Galligan believes that since the casinos are helping China meet thier policy goals by  diversifying so to offer visitors more entertainment options beyond gambling, the Chinese government will leave them alone. .

"I think, ultimately, the Chinese will take a very rational view on Macau," Galligan said. "Negatively putting pressure on certain operators is not how you're going to achieve that ultimate goal," he said. "And I think the Chinese will probably rise above the rhetoric of the trade spat to recognize that the current competitive environment in Macau doesn't need political headwinds that would stifle investment."

Worrying Statistics

Even as Galligan and other analysts paint an optimistic picture of Macau’s casino industry future, stock market observers are worried by the decrease in Macau’s casinos’ stock prices. Macau’s top six casinos’ stocks tumbled an average of 40 per cent since June.

But investors are not convinced the cheaper stocks are a sign that a reversal is on the cards, given expectations that many wealthy Chinese high rollers will continue to give Macau a miss as economic growth and the value of the yuan exchange rate weakens.

Gross gaming revenue in Macau dropped by 21.95 billion patacas ($2.72 billion) -- 17.3 per cent in September over August. The prices hit a one-year low according to Macau casino regulator the Gaming Inspection and Coordination Bureau. Some forecasts expect that October’s gaming revenue to rebound to 28 billion patacas when travelers from China head out to celebrate their New Year and when the impact of Typhoon Manghaut has passed.

Kevin Leung, executive director of investment strategy at Haitong International Securities, commented that “China’s economy is still uncertain, so the rich Chinese and the VIPs will stay relatively conservative. I am still waiting to see a big and sustainable improvement in gaming revenue.”

Anti-Corruption Campaign May Affect Macau Casinos

One issue that might impact Macau casinos involves China’s present anti-corruption campaign. Xi Junping, who became China’s president in 2013, is leading an anti-corruption campaign. The efforts focus on high-profile executives in both the private sector and in state-owned enterprises. That campaign, some observers believe, may be the source ofthe rout in Macau casino stocks.
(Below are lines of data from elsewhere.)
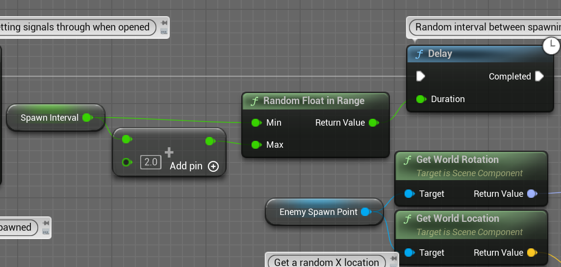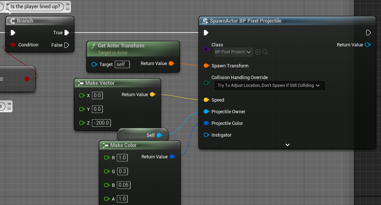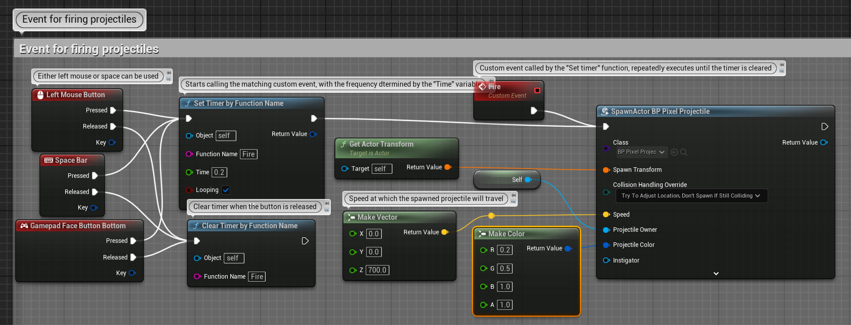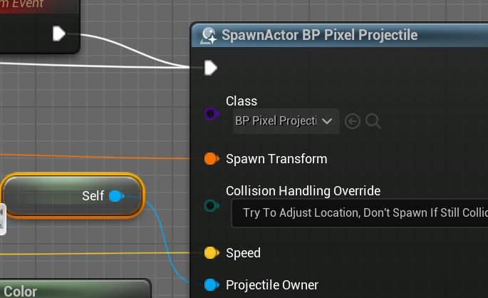총알 발사 로직이다. 입력이 들어오면 TimerEvent를 이용해 쿨타임을 만들고, 입력이 떨어지면 지운다. BP_Pixel_Property라는 총알을 스폰해준다.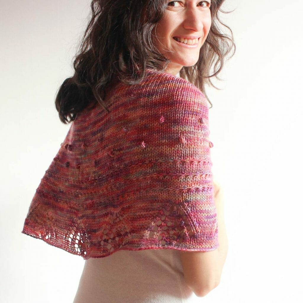 - Patrón de nivel medio para tejer un chal a dos agujas con forma de media luna.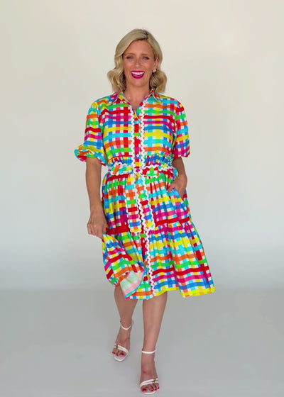 Get ready to turn heads in our Melody Dress! With its bold Neon Gingham design, this midi dress features a button up front, removable belt and puff sleeves and white ric rac for a touch of whimsy. Made from 100% cotton poplin, this gorgeous dress also boasts a beautiful flared skirt, perfect for any occasion.

The Bank of America Merrill Lynch has cut its price target on the Macau casino industry, taking the Galaxy Entertainment target price from HK$82.5 to HK$61.2 and the Sands China from $HK49.7 to HK$40.3.  The target price at Wynn Macau was reduced to HK$23.9 from HK$33.1 and the target price of MGM China from HK$23.9 down to HK$14.2. Other companies have experienced similar downturns.

The companies are responding with plans to upgrade and develop in new ways. One option involves bringing more family-oriented activities to the area. A mega bridge that links the city to Hong Kong is being opened. Macau aims to become a Las Vegas-style mass market tourist destination, with the upcoming opening of the mega bridge linking the city with Hong Kong and Zhuhai expected to increase traffic and bring more family-oriented customers. If the city wants to shake its dependence on gambling, analysts say, further development of non-gaming infrastructure will be needed.

Carie Li, an economist at OCBC Wing Hang Bank, summarized by saying “Macau’s economy has succumbed to headwinds from trade tensions. This, combined with policy risks and higher borrowing costs, might have deterred high rollers from the gaming hub.”